## Activity:
The exercise calls for exact output of the lines between the one that contains "Bukayo Saka got" and the end of the data, with both ends kept and pictures left out.

## Dataset content:
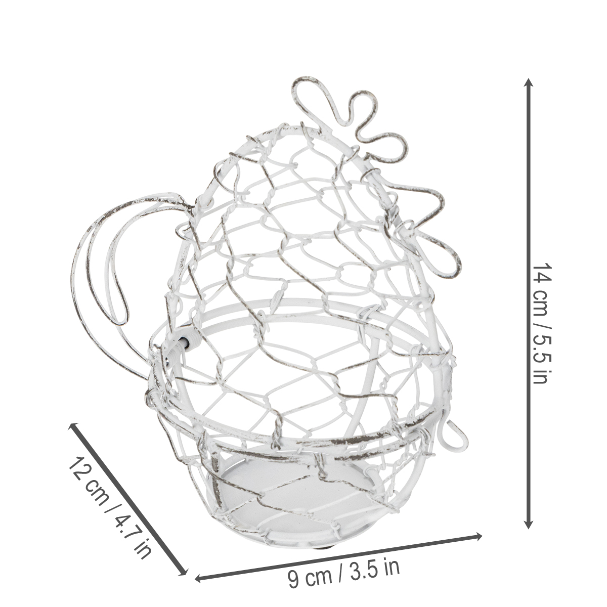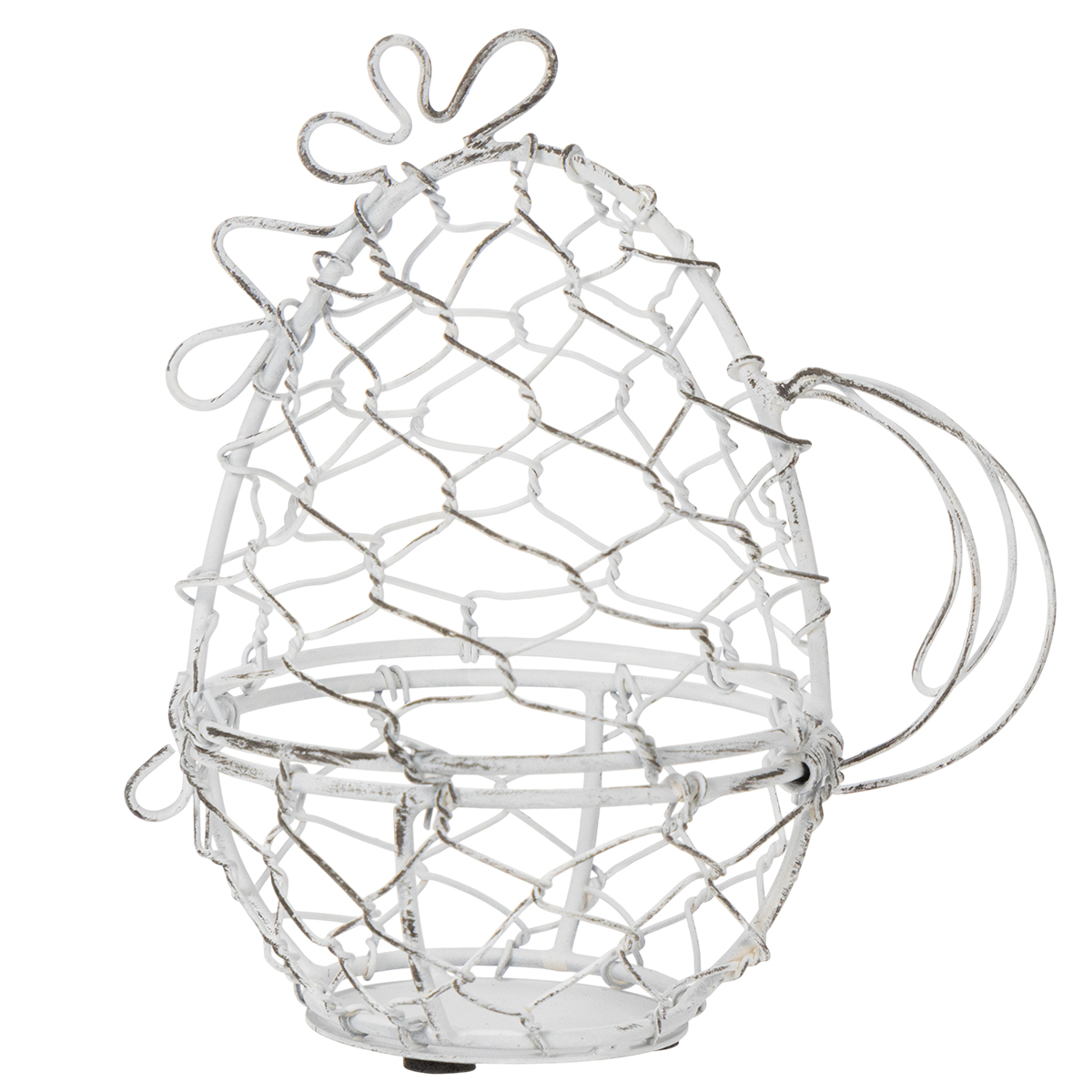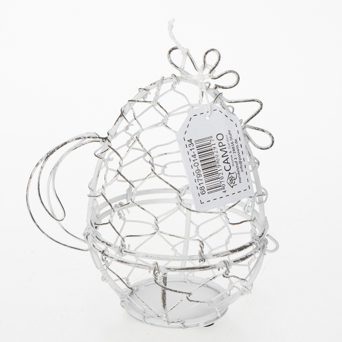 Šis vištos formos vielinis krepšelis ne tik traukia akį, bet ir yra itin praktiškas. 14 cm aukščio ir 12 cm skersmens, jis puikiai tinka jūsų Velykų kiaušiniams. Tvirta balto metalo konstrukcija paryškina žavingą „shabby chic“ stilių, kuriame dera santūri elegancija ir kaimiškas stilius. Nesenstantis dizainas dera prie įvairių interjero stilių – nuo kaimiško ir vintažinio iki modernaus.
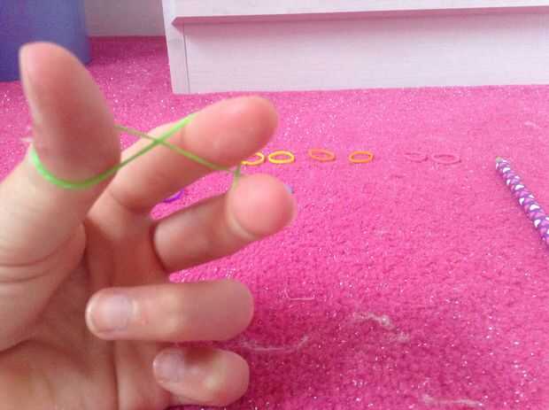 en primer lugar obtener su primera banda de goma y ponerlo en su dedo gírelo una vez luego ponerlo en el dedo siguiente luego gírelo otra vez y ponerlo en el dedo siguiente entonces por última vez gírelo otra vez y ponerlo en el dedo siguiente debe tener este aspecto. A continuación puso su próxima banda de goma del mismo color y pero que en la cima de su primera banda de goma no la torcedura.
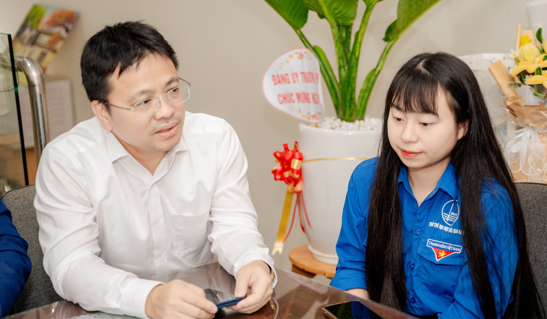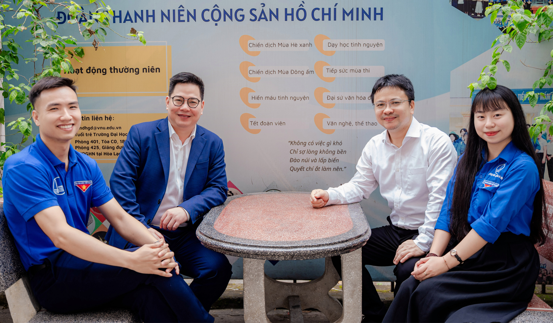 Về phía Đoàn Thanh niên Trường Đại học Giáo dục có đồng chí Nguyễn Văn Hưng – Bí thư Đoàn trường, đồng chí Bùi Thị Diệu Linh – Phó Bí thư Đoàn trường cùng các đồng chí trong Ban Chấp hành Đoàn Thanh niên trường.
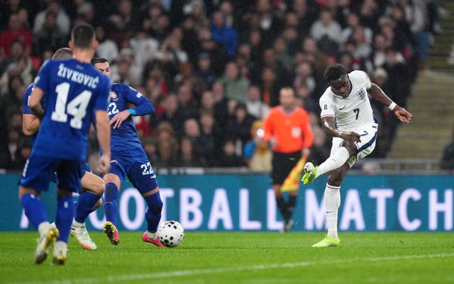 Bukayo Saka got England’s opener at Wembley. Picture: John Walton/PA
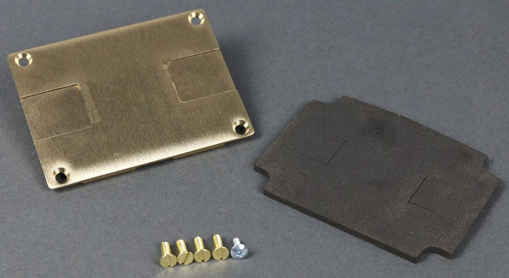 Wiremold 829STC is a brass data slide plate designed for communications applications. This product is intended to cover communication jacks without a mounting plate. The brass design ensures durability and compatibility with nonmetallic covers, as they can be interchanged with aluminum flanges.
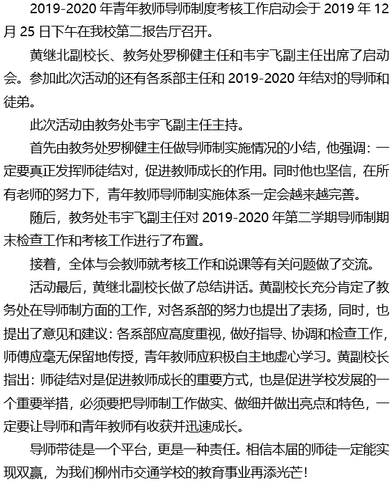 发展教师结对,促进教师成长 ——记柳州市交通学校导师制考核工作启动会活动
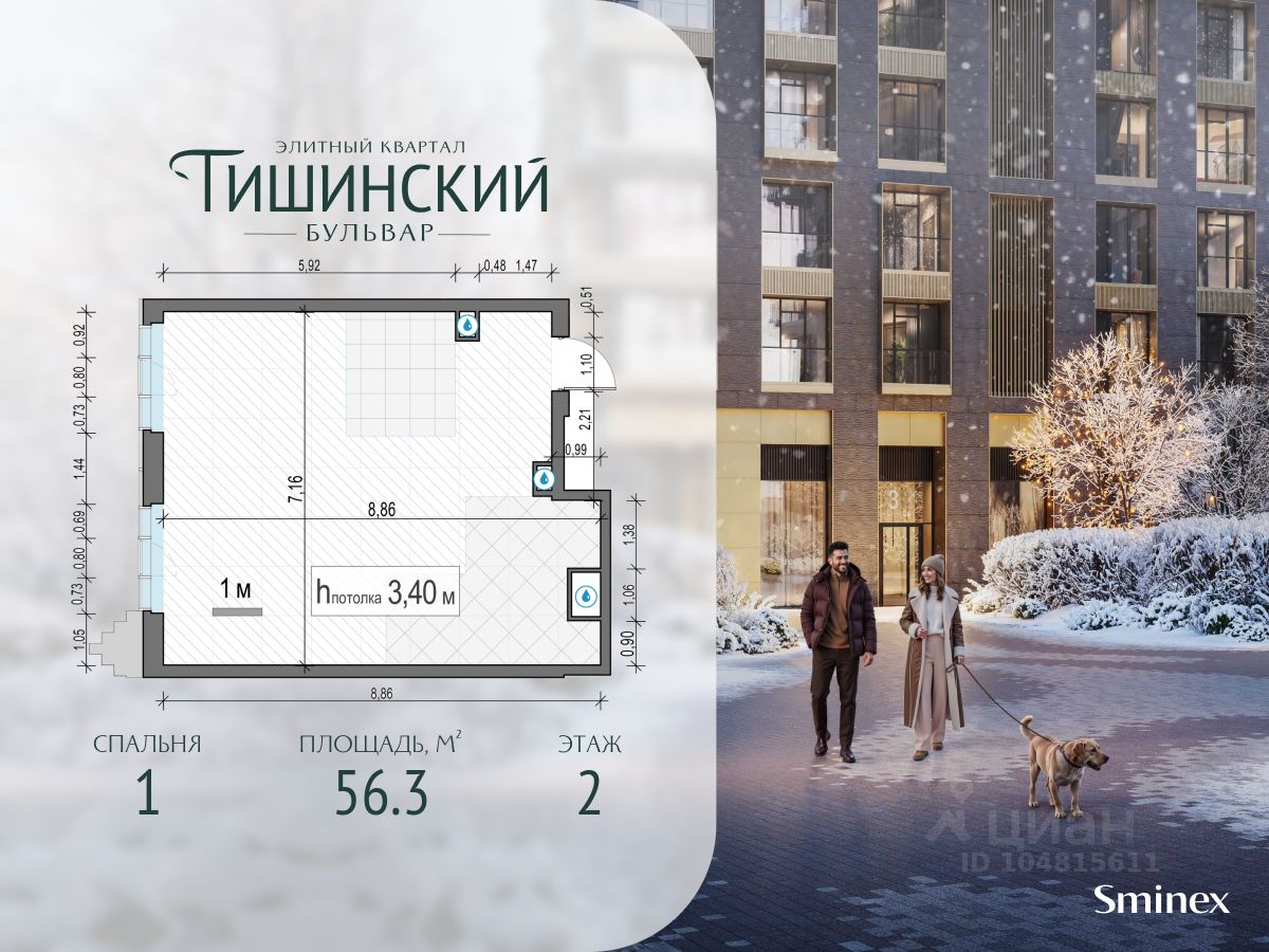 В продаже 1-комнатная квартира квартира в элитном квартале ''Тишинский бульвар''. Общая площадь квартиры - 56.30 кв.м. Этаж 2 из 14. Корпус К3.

## Written answer:
 Bukayo Saka got England’s opener at Wembley. Picture: John Walton/PA
 Wiremold 829STC is a brass data slide plate designed for communications applications. This product is intended to cover communication jacks without a mounting plate. The brass design ensures durability and compatibility with nonmetallic covers, as they can be interchanged with aluminum flanges.
 发展教师结对,促进教师成长 ——记柳州市交通学校导师制考核工作启动会活动
 В продаже 1-комнатная квартира квартира в элитном квартале ''Тишинский бульвар''. Общая площадь квартиры - 56.30 кв.м. Этаж 2 из 14. Корпус К3.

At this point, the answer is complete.